Question

Use the transformations relating polar and Cartesian coordinates to prove that $$\frac{d\theta }{dt}=\frac{1}{r^2}[x\frac{dy}{dt}-y\frac{dx}{dt}]$$

Short answer

The provided identity is indeed correct. It's proven by leveraging the relationships between Cartesian and polar coordinates and applying the chain rule of differentiation.

Step-by-step solution

Recall relationship between cartesian and polar coordinates

Polar and Cartesian coordinates can be related through the following equations: $x=rcos(\theta )$, $y=rsin(\theta )$

Calculate dx/dt and dy/dt

By taking the derivative of $x=rcos(\theta )$ with respect to $t$, we get: $\frac{dx}{dt}=\frac{dr}{dt}cos(\theta )-rsin(\theta )\frac{d\theta }{dt}$. Similarly, taking the derivative of $y=rsin(\theta )$ with respect to t, we get: \(\frac{dy}{dt} = \frac{dr}{dt} sin(\theta) + r cos(\theta) \frac{d\theta}{dt}.\

Substitute dx/dt and dy/dt in given expression

Substitute the expressions for dx/dt and dy/dt from step 2 into the given expression $x\frac{dy}{dt}-y\frac{dx}{dt}$. This becomes $rcos(\theta )\ast [\frac{dr}{dt}sin(\theta )+rcos(\theta )\frac{d\theta }{dt}]-rsin(\theta )\ast [\frac{dr}{dt}cos(\theta )-rsin(\theta )\frac{d\theta }{dt}]$.

Simplify expression

On simplifying the above expression, $r^2\frac{d\theta }{dt}$ terms cancel out and we get $r^2\frac{d\theta }{dt}$

Divide by r^2

Finally, divide the whole expression by $r^2$, bears out the required result, $\frac{d\theta }{dt}=\frac{1}{r^2}[x\frac{dy}{dt}-y\frac{dx}{dt}]$

Key concepts

Differentiation in Polar Coordinates

Differentiation in polar coordinates requires us to understand how functions change with respect to their variables in this coordinate system, which is based on radius and angle, unlike the traditional Cartesian system.
While Cartesian coordinates use x and y, polar coordinates involve an angle $\theta$ and radius $r$.
When differentiating in polar coordinates, we focus on $\frac{dr}{dt}$ and $\frac{d\theta }{dt}$, which represent the rates of change of the radial distance and angle with respect to time.

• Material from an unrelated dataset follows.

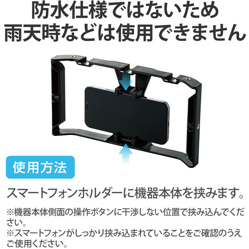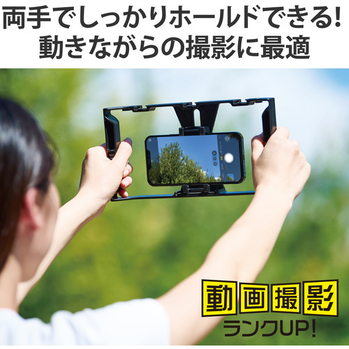 ●カメラやライト、マイクなどの撮影機材をカスタマイズして装着できる、動画撮影用スマートフォンホルダーです。両手で持てるので安定性が高く、動きながらの撮影に最適です。ホルダー上部には、撮影に必要な機器が取り付けられるアクセサリーシューが3つ付いています。

• For $x=r\cos (\theta )$, the derivative with respect to time is $\frac{dx}{dt}=\frac{dr}{dt}\cos (\theta )-r\sin (\theta )\frac{d\theta }{dt}$.


• For $y=r\sin (\theta )$, it is $\frac{dy}{dt}=\frac{dr}{dt}\sin (\theta )+r\cos (\theta )\frac{d\theta }{dt}$.

These derivatives reflect how changes in $r$ and $\theta$ translate into changes in x and y.
They are crucial for solving problems involving motion or transformations from polar to Cartesian coordinates.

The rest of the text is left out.